Description of problem:
"kernel: NFS: v4 server returned a bad sequence-id error!" is
regularly/repeatedly logged when using NFSv4 on RHEL 4.6.
Version-Release number of selected component (if applicable):
(I'm not sure if nfs-utils was the appropriate component to choose for this
problem, but it seems like it will at least get it routed to the right person.)
Just touch a new file on an NFSv4-mounted directory; the sequence-id error
occurs nearly every time.
Steps to Reproduce:
1. mount -t nfs4 netappfiler:/vol/test /var/tmp/test
2. touch /var/tmp/test/testfile
"kernel: NFS: v4 server returned a bad sequence-id error!"
I previously opened Redhat service request 180277 for this NFSv4 bug (and one
other), and that case has syslog and tcpdump output for the mount issue along
with a sysreport for the system in question. I've verified this on two separate
RHEL4 systems (one i686 and one x86_64). The volume in question is being
mounted from a Netapp filer.
Oops--for "the mount issue" above, read "the sequence-id issue".
John Caruso, Hi I found this BZ while looking into a _similar_ issue. I see that you have worked through the problem in https://bugzilla.redhat.com/show_bug.cgi?id=432861 .
So is it ok to close this one?
I don't know if there's any relationship between bug 432861 and this bug, so no, this bug shouldn't be closed.
I just gave this a try using kernel 2.6.9-78.6.EL.jtltest.47smp on my RH people page and haven't seen this error with simple file creations:
Would you be able to test these somewhere non-critical and see if the problem might already be fixed? What sort of server are you testing against here?
Actually, it would be even better to test this with a jtltest.50 kernel or greater. I think there was a problem in some earlier kernels that could cause this.
Please let me know if those kernels seem to cure this problem for you.
I verified that the bug does still occur on the currently-released RHEL4 kernel (78.0.1). I also just installed kernel-smp-2.6.9-78.7.EL.jtltest.50.x86_64 off of your page and tested with that, and it gets the error as well.

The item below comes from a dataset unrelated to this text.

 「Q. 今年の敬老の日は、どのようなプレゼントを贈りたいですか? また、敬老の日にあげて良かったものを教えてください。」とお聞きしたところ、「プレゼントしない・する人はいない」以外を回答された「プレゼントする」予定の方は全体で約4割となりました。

This is my test sequence in its entirety:
mount -t nfs4 netappfiler:/vol/test /var/tmp/test
Executing this series of commands reliably (90+% of the time) results in the "NFS: v4 server returned a bad sequence-id error!" message. One thing, though: it's usually (though not always) the case that this error is only logged to the netdump server defined in SYSLOGADDR, rather than being directly logged by the kernel via syslog--that may be why you haven't been seeing the message. So you may need to enable netdump logging on your test machine and check for the message on the netdump server.

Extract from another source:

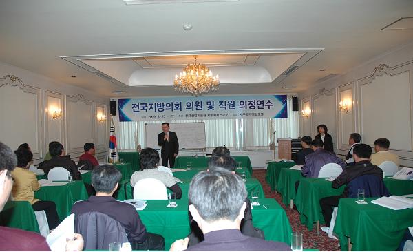 처음 실시된 이번 의원 및 직원 연수교육은 의정활동에 필요한 전문지식 습득과 지방의회의 효율적인 발전방향을 모색키 위한 것으로,연수교육 1일차는 한국산업연수원 지방자치연구소장인 서우선 박사의 지방행정개편 및 행정구역 통폐합에 대한 대응전략, 지자체 민간이전경비 운영실태와 정책대응방안, 추경심의 및 결산심사 기법 등을 강의 했다.

Also, the Netapp filer in our case is running Data ONTAP 7.2.3.
I'm able to see this too against netapp servers, and somewhat less frequently against other servers. What I'm seeing is that we're issuing an open call and the server is returning NFS4_BAD_SEQID. After we get this error, we issue almost the exact same open call and that does not return the error. The main difference between the working and non-working calls appears to be the data in the open_owner4.
Still checking the RFC to see if I can tell what's causing this.

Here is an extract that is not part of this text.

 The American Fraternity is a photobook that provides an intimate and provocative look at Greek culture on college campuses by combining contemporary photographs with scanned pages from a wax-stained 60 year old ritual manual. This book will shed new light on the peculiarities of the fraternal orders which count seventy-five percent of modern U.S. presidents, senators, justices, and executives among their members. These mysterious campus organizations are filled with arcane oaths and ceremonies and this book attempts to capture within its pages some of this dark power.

Ok, the problem it not that we're reusing open_owner ID's, but rather that we're sending identical strings to the server on a SETCLIENTID call. This means that the server sends us back the same clientid on each mount. We then start with open_owner ID 0 and have to roll through the entire list of used open_owners until we find one that hasn't been used yet. This slows things down, and each attempt gives us one of these printk's.
I have a patch that I think will fix it. I'll plan to add this into my test kernels so that it can be easily tested.
John, I've built some kernels with a patch that I think will fix this and put them on my people page:
could you test them and let me know if they help the problem you're seeing?
Which kernel (for RHEL4 x86_64)?
I'd use whatever kernel variant you're using now ("normal", smp or whatever). For instance, if you're using the uniprocessor kernel, then you'll probably want this:
The RHEL4 kernels on that page are all built from the same sources, just with different configs.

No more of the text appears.